*WHAT YOU SHOULD DO:* Exactly the lines from the one containing "加拿大一名女子與家人度假時,在馬路上看到" through the end of the listing must make up the answer, with no pictures included.

+++

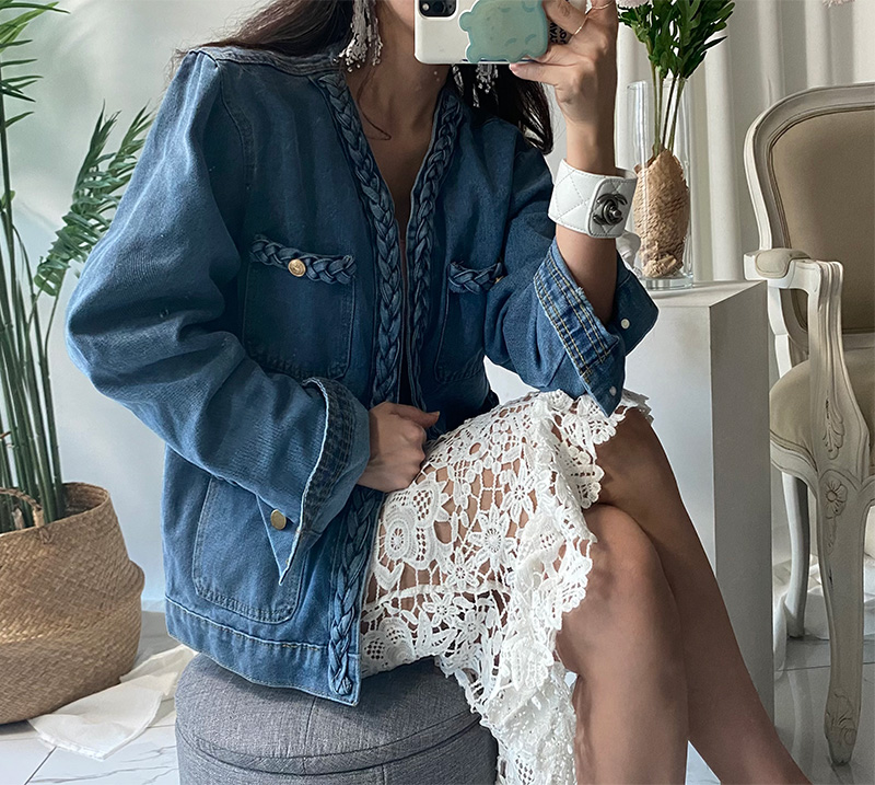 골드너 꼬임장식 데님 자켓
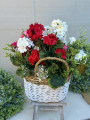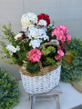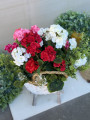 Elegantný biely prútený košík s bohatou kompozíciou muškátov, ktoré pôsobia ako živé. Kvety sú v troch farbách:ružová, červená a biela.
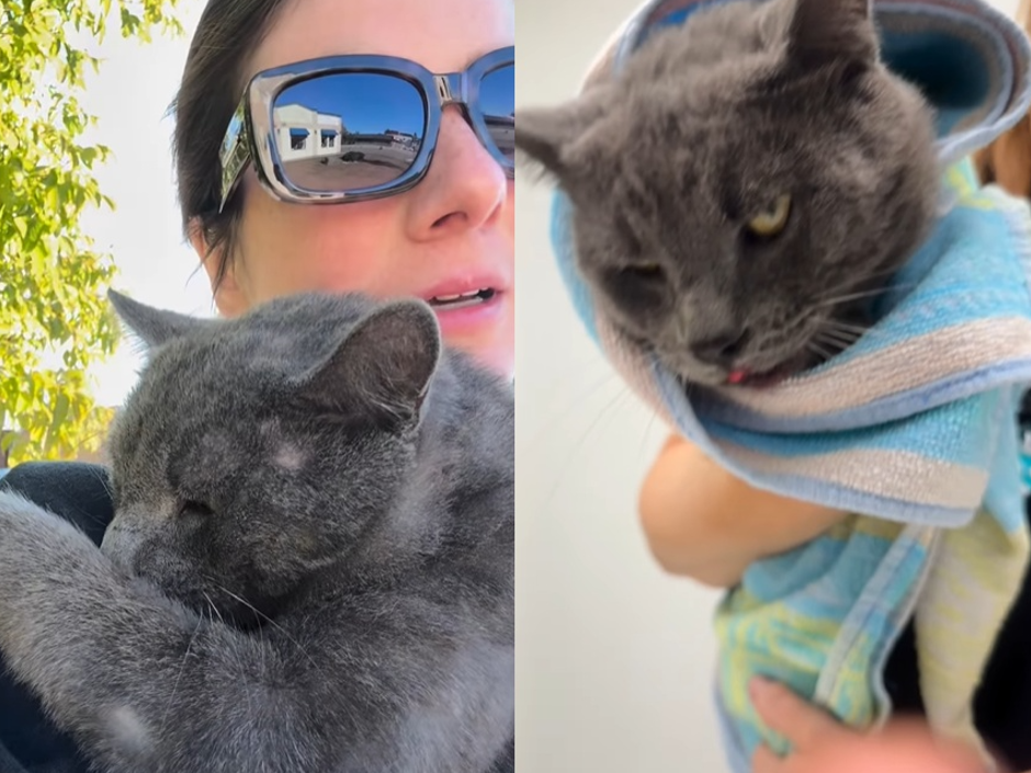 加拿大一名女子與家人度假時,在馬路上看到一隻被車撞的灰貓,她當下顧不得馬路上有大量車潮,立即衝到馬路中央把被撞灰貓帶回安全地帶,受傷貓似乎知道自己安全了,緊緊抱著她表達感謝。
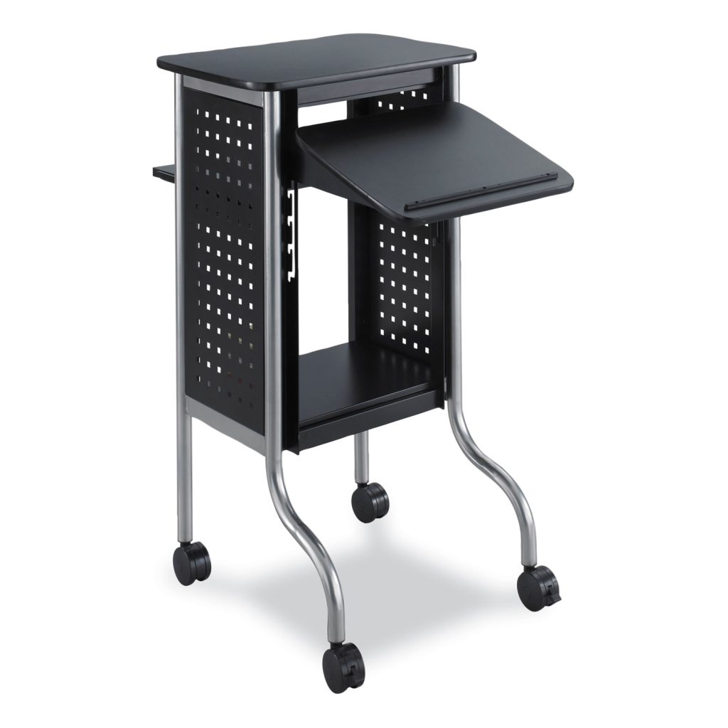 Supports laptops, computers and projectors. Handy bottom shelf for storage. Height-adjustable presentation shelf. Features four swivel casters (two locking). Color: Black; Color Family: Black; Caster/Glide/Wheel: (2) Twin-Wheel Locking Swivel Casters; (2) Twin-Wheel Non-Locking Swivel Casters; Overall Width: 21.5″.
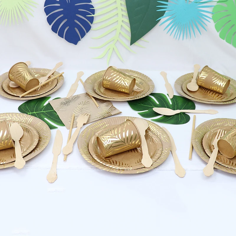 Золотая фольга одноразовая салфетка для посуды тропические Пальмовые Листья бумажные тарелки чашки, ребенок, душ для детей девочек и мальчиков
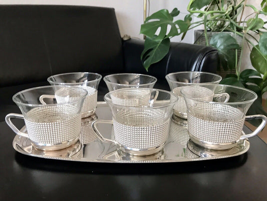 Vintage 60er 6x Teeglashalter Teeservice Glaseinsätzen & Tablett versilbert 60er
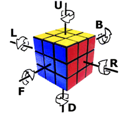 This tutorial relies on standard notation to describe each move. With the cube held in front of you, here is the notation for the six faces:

+++

*TASK RESPONSE:*
 加拿大一名女子與家人度假時,在馬路上看到一隻被車撞的灰貓,她當下顧不得馬路上有大量車潮,立即衝到馬路中央把被撞灰貓帶回安全地帶,受傷貓似乎知道自己安全了,緊緊抱著她表達感謝。
 Supports laptops, computers and projectors. Handy bottom shelf for storage. Height-adjustable presentation shelf. Features four swivel casters (two locking). Color: Black; Color Family: Black; Caster/Glide/Wheel: (2) Twin-Wheel Locking Swivel Casters; (2) Twin-Wheel Non-Locking Swivel Casters; Overall Width: 21.5″.
 Золотая фольга одноразовая салфетка для посуды тропические Пальмовые Листья бумажные тарелки чашки, ребенок, душ для детей девочек и мальчиков
 Vintage 60er 6x Teeglashalter Teeservice Glaseinsätzen & Tablett versilbert 60er
 This tutorial relies on standard notation to describe each move. With the cube held in front of you, here is the notation for the six faces:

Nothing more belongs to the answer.